De repente, a realidade contemporânea impôs uma verdade indigesta. A velha discussão em torno dos recursos naturais renováveis e dos não renováveis não era mais o suficiente. Diante não só de um crescimento populacional significativo, mas de um envelhecimento social importante, as discussões precisavam se ampliar e se aprofundar para dar conta dos novos cenários e expectativas; posto que, a Terra é o único abrigo que temos no momento.  

Isso significa que eventuais abandonos e negligências em relação ao planeta não dizem respeito apenas ao Meio Ambiente ou à sua população. Todas as discussões que atravessam o campo socioambiental impactam diretamente à Economia, à Educação, à Saúde, à Previdência Social, ao Trabalho, ao lazer, à Segurança, à Maternidade e à Infância, à assistência aos desamparados. Haja vista, por exemplo, os recentes episódios de enchentes e deslizamentos que assolaram o litoral norte de São Paulo, em fevereiro deste ano, e que deixaram milhares de cidadãos em situação de perda total da sua dignidade social.

O cerne da questão é que em nome do TER estamos totalmente esquecidos do SER, do qual somos parte integrante e integrada. Não estamos desajustados apenas das relações humanas; mas, da relação com o próprio planeta. E como em qualquer negação de caráter científico, esse é um tipo de decisão que nos coloca em iminência total de risco, porque nos permitimos impor ao meio ambiente que ele se submeta aos nossos delírios, especialmente os de consumo, sem quaisquer objeções ou contestações. E não é assim, que a coisa funciona!
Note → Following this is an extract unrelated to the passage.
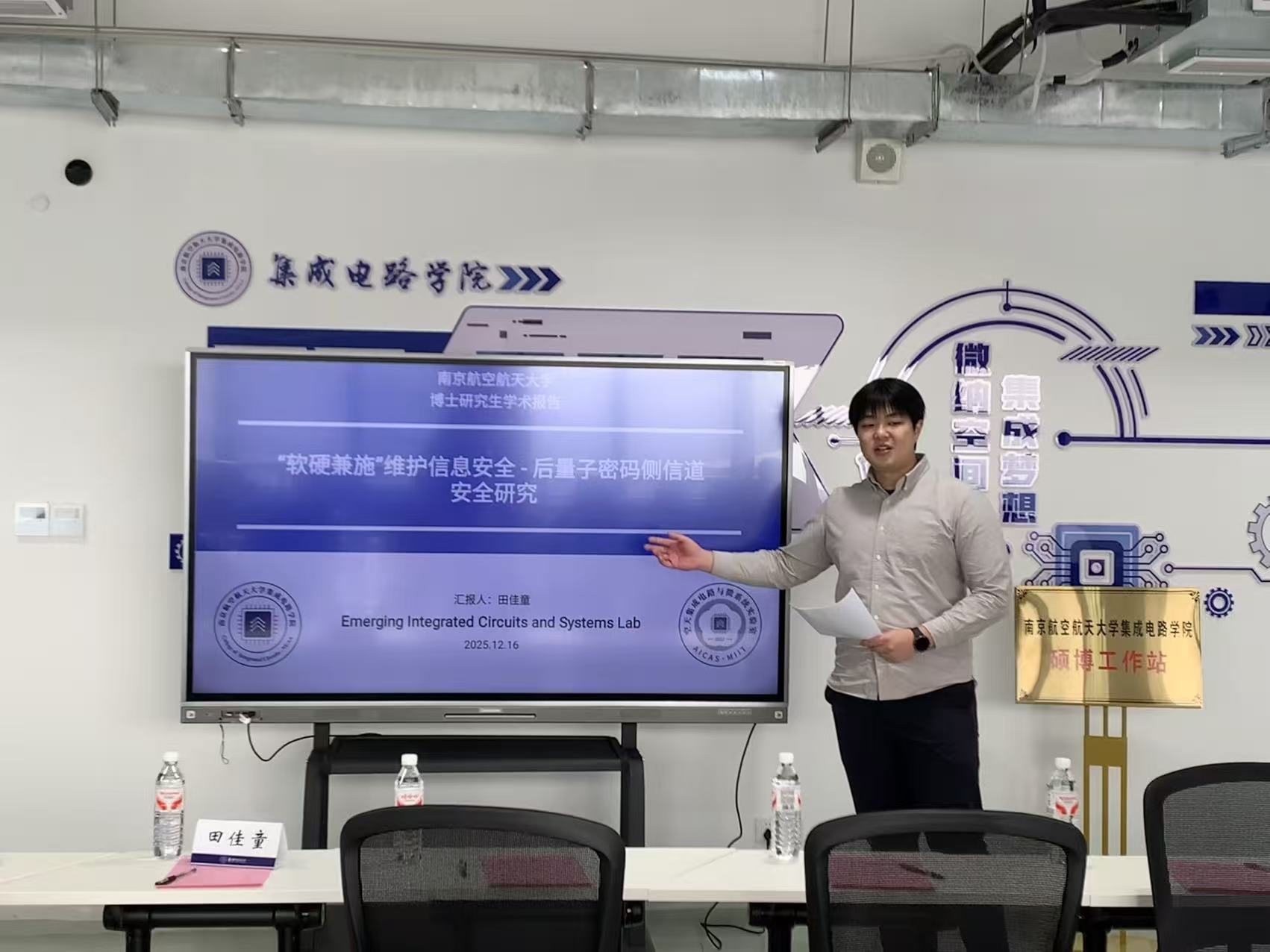 揭牌仪式后,我院博士研究生田佳童作题为《“软硬兼施”维护信息安全——后量子密码侧信道安全研究》的首场学术报告。两校区学生围绕科研入门、发展方向等问题展开热烈交流。

E a humanidade não percebe que quanto mais estica a corda, mais desdobramentos e reverberações negativas passam a demandar medidas urgentes e investimentos de grande envergadura, a fim de se evitar algo pior. Sim, gastamos mais em paliativos e pseudorrecuperações do que seria preciso para a prevenção, para a manutenção, para a preservação. Acontece que somos nós que pagamos essa conta. Eu, você, ele, ela, ... os 8 bilhões de seres humanos, que estão com seus pés fincados nessa diminuta esfera azul que gira no espaço sideral.

Entenda, não é a Terra que está lhe pedindo alguma coisa! É o silêncio da sua própria sobrevivência, seu instinto de preservação, que grita pelos labirintos da sua subjetividade existencial, tentando demover você dos seus excessos sem sentido, da sua ganância desmedida, da sua irresponsabilidade gratuita, da sua indiferença humanitária. Certamente, sem muito sucesso; posto que, o individualismo e o narcisismo contemporâneo têm usado de artifícios demasiadamente sofisticados para entorpecer as mentes.
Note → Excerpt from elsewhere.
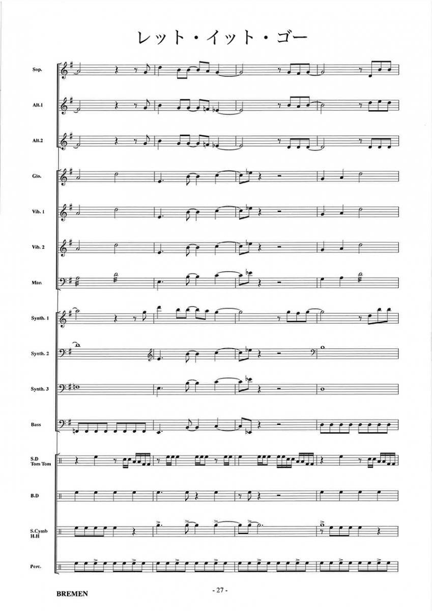 主な使用楽器:鍵盤ハーモニカ、グロッケン(鉄琴)、ビブラフォーン(鉄琴)、マリンバ(木琴)、シンセサイザー(電子オルガン)、ベース(低音楽器)、スネアドラム(小太鼓)、バスドラム(大太鼓)、パーカッション、ティンパニー等

Mas, ela tenta! E vai permanecer tentando até que você saia dessa rota intencional de colisão. Até que você perceba qual é o verdadeiro viés do seu protagonismo no planeta. Até admitir que essa não é uma discussão desse ou daquele cidadão; mas, de qualquer um, cujo cérebro e o coração estejam em funcionamento. As questões socioambientais marcam, portanto, o tênue limite entre a vida e a morte. Basta, então, uma breve recapitulação histórica para se descobrir que o planeta sobrevive sem gente; mas, gente não sobrevive sem o planeta. Aí você descobre, pela mais elementar inversão de perspectiva, qual é o seu verdadeiro tamanho no mundo, qual é o seu lugar na fila do pão.